MSC3618: Add proposal to simplify federation `/send` response #3618

neilalexander · 2022-01-04T17:05:11Z

Rendered.

This is a proposal to simplify the response of the federation /send endpoint.

Implementation PR: matrix-org/dendrite#2088.

Preview: https://pr3618--matrix-org-previews.netlify.app

proposals/3618-simplify-federation-send.md

richvdh · 2022-01-05T13:33:19Z

proposals/3618-simplify-federation-send.md

+A significant benefit is that homeserver implementations no longer need to block
+the `/send` request in order to wait for the events to be processed for their error
+results. This can potentially allow homeserver implementations to remove head-of-line
+blocking from `/send` by maintaining durable queues for incoming federation events and
+processing them on a per-room basis.


This may be covered by other threads, in which case, apologies, but I don't really understand why removing the pdus section this is a prerequisite for removing this head-of-line blocking. Indeed, synapse has already done this.

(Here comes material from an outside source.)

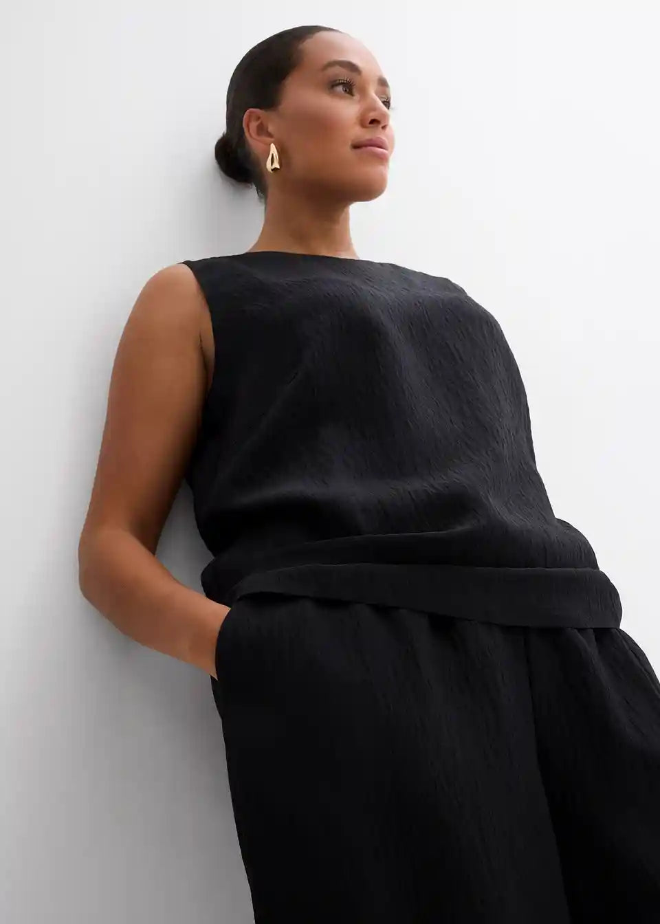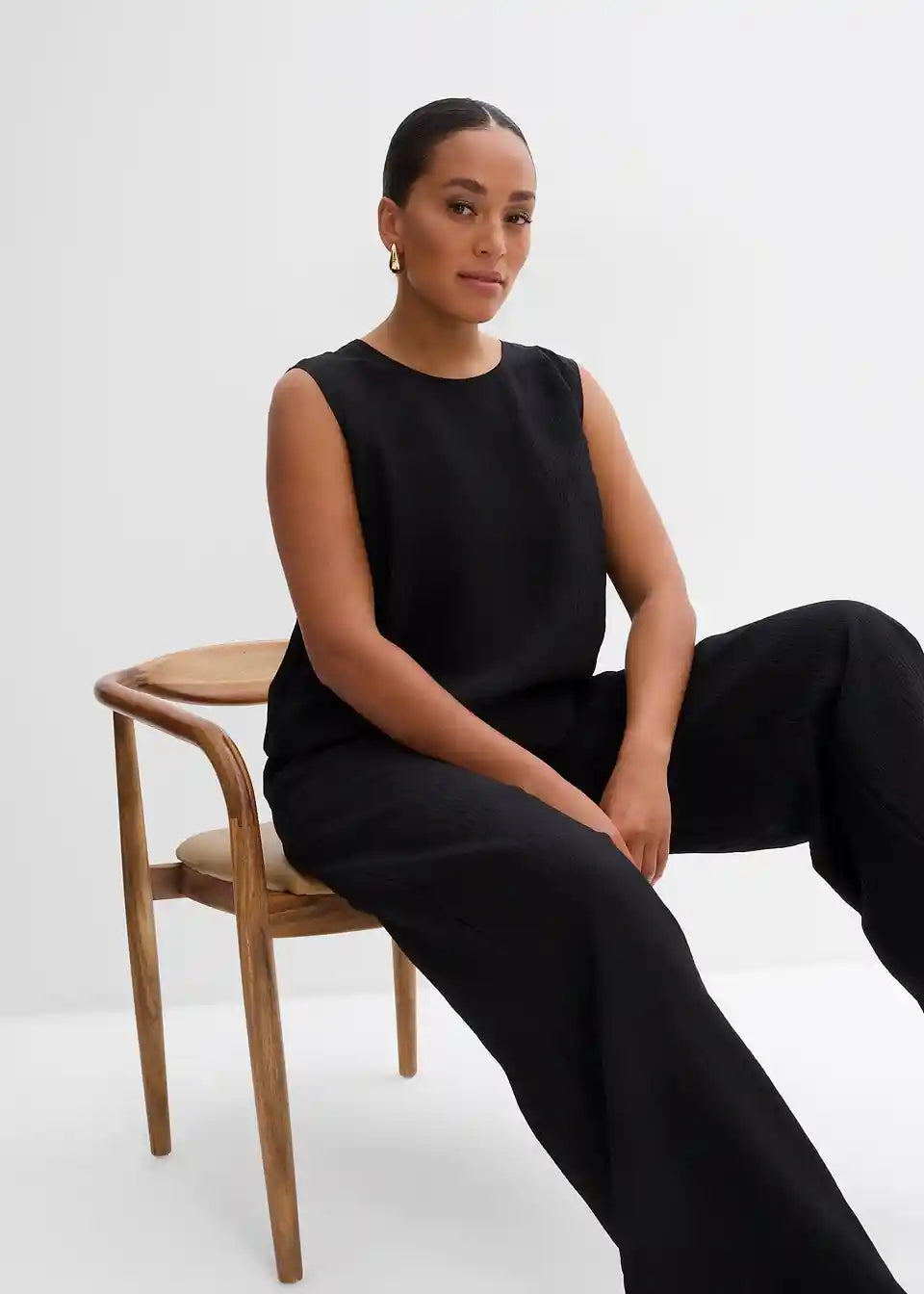 Hlače iz strukturirane mečkanke z deležem viskoze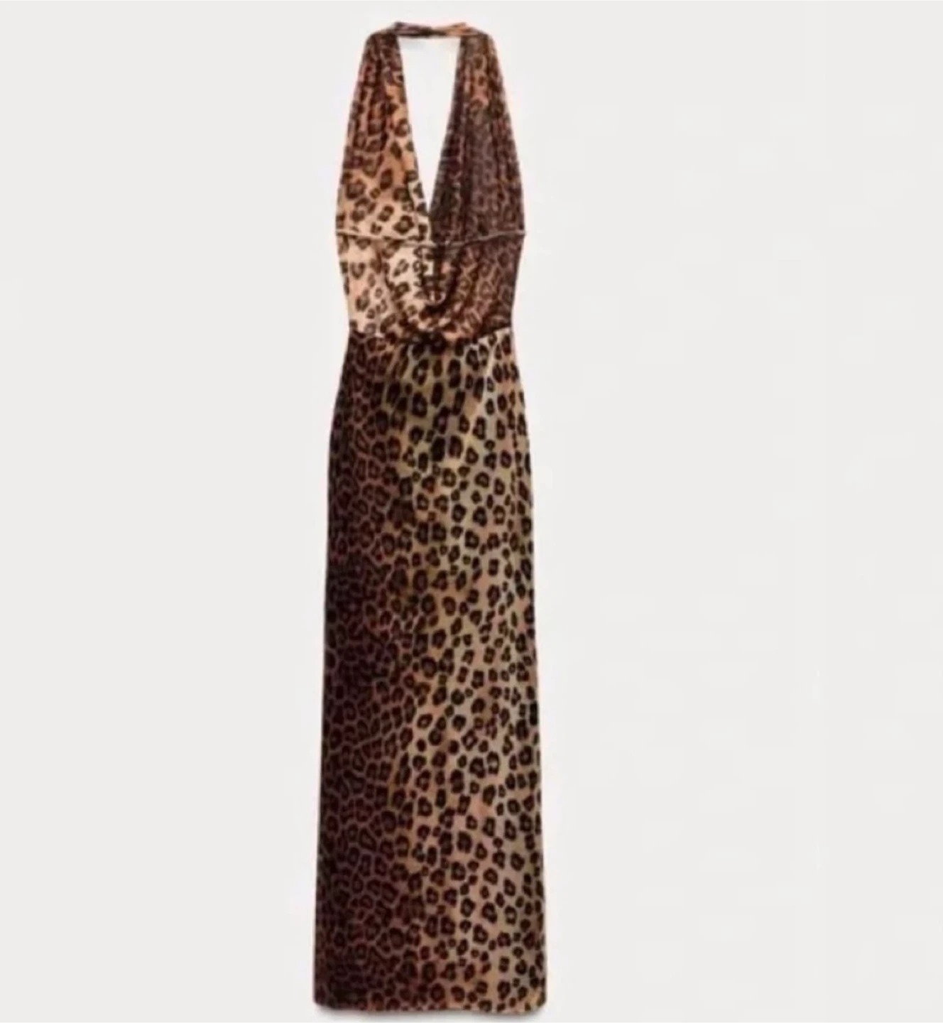 Long halter neck dress with plunging neckline and draped detail. Open back with strap and metal hook. Contrasting interior lining.

If, as a server, you're happy that the sender will not re-send any of the events in the transaction (ie, under this MSC, you're going to return a 200), all you need to do currently is parse enough of the transaction to calculate the event ids. (Or is that work you're hoping to avoid? It seems like, by the time you've validated the shape of the body, you're most of the way to calculating event IDs)

I guess I agree that pdus is kinda pointless if no implementations actually read the field (other than for logging), but that doesn't necessarily mean that we should prevent implementations making use of it by getting rid of it.

The head-of-line blocking is that you have to wait for the PDUs to be processed before you can generate the /send response body because the response body expects for there to be event IDs and error results (the PDU Processing Result). Meanwhile, while that is happening, the remote server is waiting for this request to finish before sending you the next one. One event in the transaction which takes abnormally long to process will therefore slow down that server's ability to send you events from other rooms until it is done.

If what you are saying is correct, Synapse just unmarshals the transaction, generates the event IDs, returns those with empty PDU Processing Result and never reports problems anyway?

In which case, given that implementations don't actually care what's in the "pdus" key at all (except for seemingly writing to the log), it seems pointless to have an API shape which implies we should know the result of the PDU being processed before being able to respond.

By removing that burden, it becomes possible for implementations to not have to return anything other than a confirmation that they "accepted" the transaction. They can just queue up the work and return 200 and then deal with it in their own time. Or servers can continue to do things like they do today, where they don't queue and just do things and block while doing it, which is also fine.

you have to wait for the PDUs to be processed

I think you need to define "processed" better. There are a lot of steps to "processing" an PDU, and you absolutely don't have to do all of them before you can reply to /send.

If what you are saying is correct, Synapse just unmarshals the transaction, generates the event IDs, returns those with empty PDU Processing Result and never reports problems anyway?

Synapse also checks the signatures at this stage, for the record. And it writes the events to a queue in persistent storage in case it gets restarted before processing is completed.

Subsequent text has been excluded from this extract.